[Start of section]

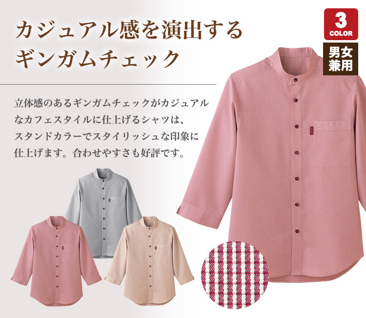 スタンドカラーシャツ(七分袖)[男女兼用]
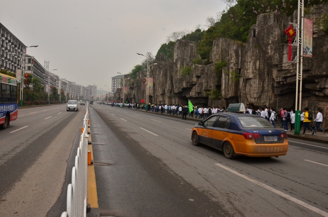 在迎宾大道边集结,准备过迎宾大道上青麓大道
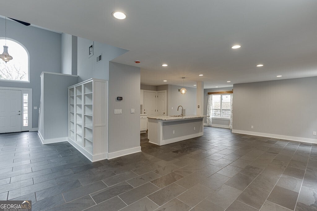 Move-In Ready and Affordable in the North Gwinnett School District! Welcome home to a beautifully updated property that offers incredible value in one of Gwinnett's most desired school districts. Fresh interior and exterior paint, brand-new windows, and beautiful, durable slate flooring throughout the main level create a clean and inviting first impression. The reimagined kitchen is the heart of the home. It has been opened up to overlook the living room, and features a stunning quartz island, newer stainless steel appliances, and modern finishes. The family room is anchored by a contemporary tile fireplace that adds warmth and style. A spacious flex area provides the perfect spot for an office or additional living room, and includes built-in bookshelves and large picture windows that fill the space with natural light. Upstairs, the home continues to shine with comfortable bedrooms and great light throughout. The owner's suite includes a large walk-in closet with a custom shelving system, and an additional separate room that works well as a workout space or home office. Two secondary bedrooms share a convenient Jack-and-Jill bathroom. Outside, you will find one of the largest backyards in the neighborhood. It is flat, fenced, and ideal for play, pets, gardening, or future outdoor living plans. All of this is within walking distance to shops and nature trails, giving you everyday convenience and easy access to the outdoors. This home offers an affordable opportunity in North Gwinnett with the updates buyers want and the space they need. It is truly ready for move-in from day one.
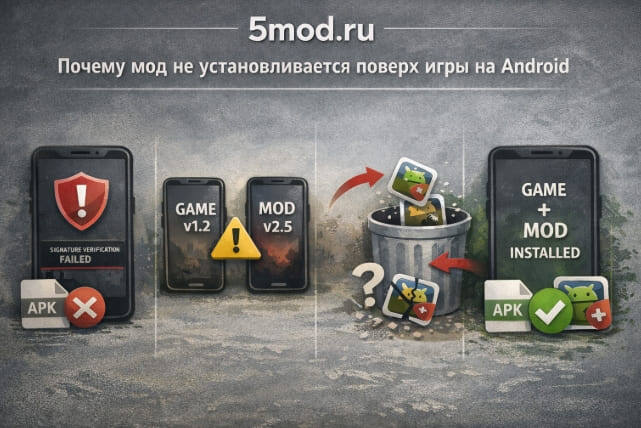 Многие пользователи Android хотя бы раз пытались установить модифицированную версию игры поверх уже установленной. Однако в большинстве случаев это заканчивается ошибкой. Давайте разберемся, почему так происходит. Каждое приложение на Android подписывается цифровым ключом разработчика. Это своего рода защита, которая гарантирует, что приложение не было изменено. Моды, как правило, перепаковываются и подписываются другим ключом. В результате система видит два разных приложения, даже если название одинаковое. Поэтому установка поверх становится невозможной. Еще одна частая причина — различие версий. Мод может быть сделан под определенную версию игры. Если у вас установлена другая, система не позволит заменить файлы. Даже после удаления игры могут остаться файлы в системе. Они иногда мешают корректной установке мода. Android специально блокирует подобные установки для защиты пользователя. Это снижает риск вредоносных изменений и взломов. 👉 Подробнее об этом можно узнать здесь: https://5m

[End of section]

**Your instructions**
The listing should be transcribed exactly. No picture is to appear in the transcription.

**Task answer**
 スタンドカラーシャツ(七分袖)[男女兼用]
 在迎宾大道边集结,准备过迎宾大道上青麓大道
 Move-In Ready and Affordable in the North Gwinnett School District! Welcome home to a beautifully updated property that offers incredible value in one of Gwinnett's most desired school districts. Fresh interior and exterior paint, brand-new windows, and beautiful, durable slate flooring throughout the main level create a clean and inviting first impression. The reimagined kitchen is the heart of the home. It has been opened up to overlook the living room, and features a stunning quartz island, newer stainless steel appliances, and modern finishes. The family room is anchored by a contemporary tile fireplace that adds warmth and style. A spacious flex area provides the perfect spot for an office or additional living room, and includes built-in bookshelves and large picture windows that fill the space with natural light. Upstairs, the home continues to shine with comfortable bedrooms and great light throughout. The owner's suite includes a large walk-in closet with a custom shelving system, and an additional separate room that works well as a workout space or home office. Two secondary bedrooms share a convenient Jack-and-Jill bathroom. Outside, you will find one of the largest backyards in the neighborhood. It is flat, fenced, and ideal for play, pets, gardening, or future outdoor living plans. All of this is within walking distance to shops and nature trails, giving you everyday convenience and easy access to the outdoors. This home offers an affordable opportunity in North Gwinnett with the updates buyers want and the space they need. It is truly ready for move-in from day one.
 Многие пользователи Android хотя бы раз пытались установить модифицированную версию игры поверх уже установленной. Однако в большинстве случаев это заканчивается ошибкой. Давайте разберемся, почему так происходит. Каждое приложение на Android подписывается цифровым ключом разработчика. Это своего рода защита, которая гарантирует, что приложение не было изменено. Моды, как правило, перепаковываются и подписываются другим ключом. В результате система видит два разных приложения, даже если название одинаковое. Поэтому установка поверх становится невозможной. Еще одна частая причина — различие версий. Мод может быть сделан под определенную версию игры. Если у вас установлена другая, система не позволит заменить файлы. Даже после удаления игры могут остаться файлы в системе. Они иногда мешают корректной установке мода. Android специально блокирует подобные установки для защиты пользователя. Это снижает риск вредоносных изменений и взломов. 👉 Подробнее об этом можно узнать здесь: https://5m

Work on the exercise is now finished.